ATT. The converter was not ready for the `not self._qkv_same_embed_dim` case [here](/~https://github.com/pytorch/pytorch/blob/80ed3e9ccdaab20814b4156611a19043aaaaef03/torch/nn/modules/activation.py#L1074) with separate q/k/v weights. Here we cover this case.

Intenral:

This causes a failure in the AIT lowering of the IGCTR MC model.
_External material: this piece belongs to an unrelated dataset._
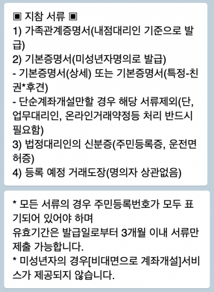 자녀 명의의 증권사 계좌는 기본증명서와 가족관계증명서만 있으면 영업점을 방문하여 개설할 수 있다. 가족관계증명서는 온라인으로 발급 가능하지만, 기본증명서를 발급 받으려면 주민센터에 다녀와야 한다.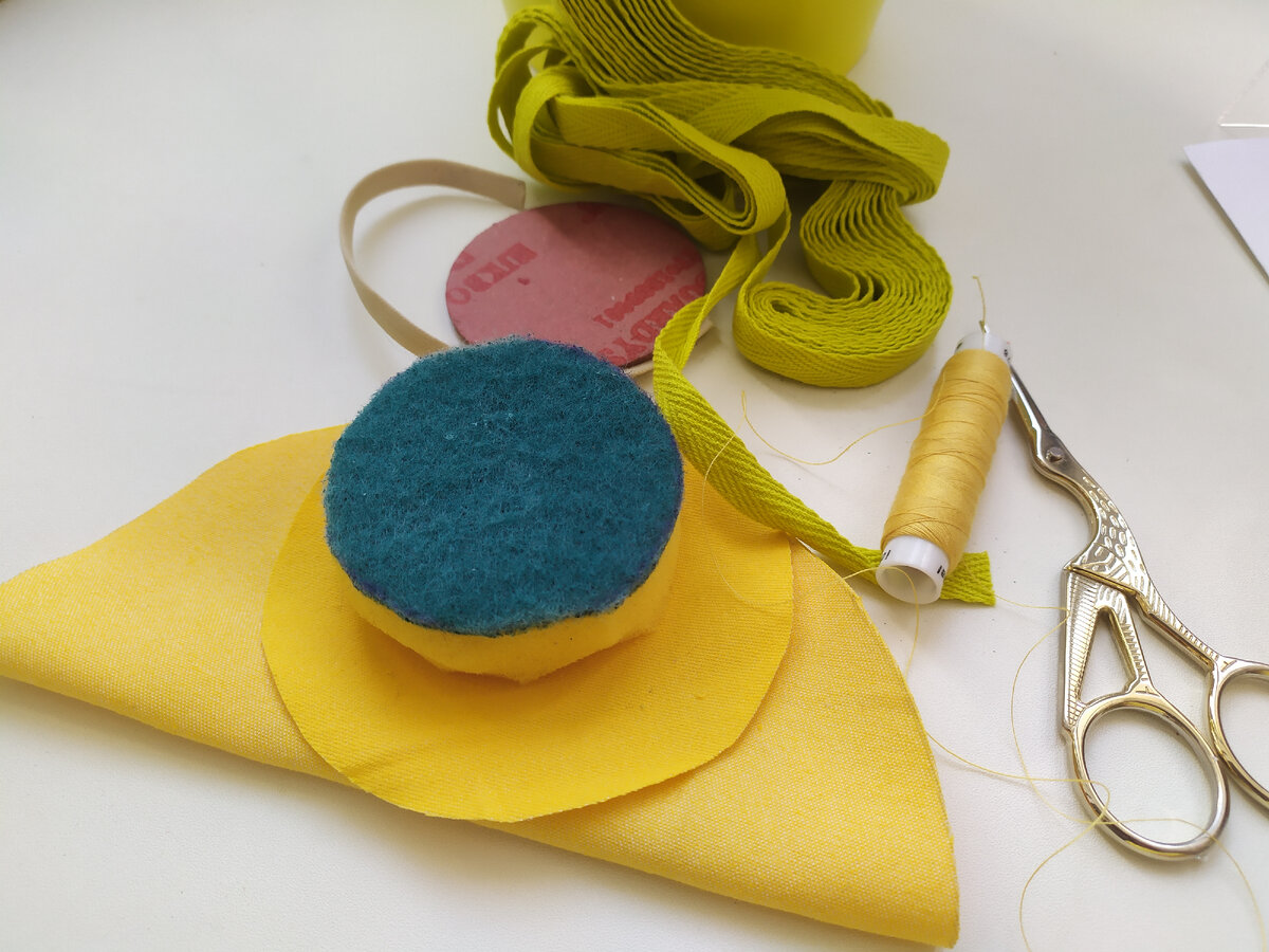 У швеи должно быть всё прекрасно и душа, и руки, и даже красивая игольница. Нам понадобится: У меня было несколько игольниц, как на фото выше, но за годы шитья все они подистаскались и пенопласт раскрошился и не держит. Я распорола их и вытряхнула всё. Оставила только картонку Из ткани вырезаем первый круг. Он шире картонки на 1.5-2см по всей длине. Берем иголку и нитку и прошиваем по кругу. Швом вперёд иголка и отступаем от края примерно 5мм. В центр помещаем картонку. Можно ее клеем-карандашом приклеить даже. Стягиваем нитку хорошенько и завязываем узелок. Второй круг нам нужен уже в 2 раза большим диаметром чем основа. Также по краю делаем строчку для сборки. Из губки вырезаем круг тем же диаметром что и основа. Можно чуть больше. Часть жесткой стороны срезаем. Примерно 5мм Вкладываем внутрь круга губку. Жетская сторона в центре внизу. За нее хорошо держатся иглы. Стягиваем нитку. Стараемся сильно не сплющить губку. Отрезаем резинку. Вам должно быть комфортно, а все резинки тянут

See the post: https://fb.workplace.com/groups/gpuinference/permalink/2872581106223872/ .

Reviewed By: ColinPeppler

Differential Revision: D61155566

fbshipit-source-id: 98ba4c4150a036268ec8bcbe4f6b5aa7934374d2
---
 .../converters/ait_module_converters.py       | 32 ++++++++++++++++-
 .../test_ait_multihead_attention.py           | 36 ++++++++++++++++++-
 2 files changed, 66 insertions(+), 2 deletions(-)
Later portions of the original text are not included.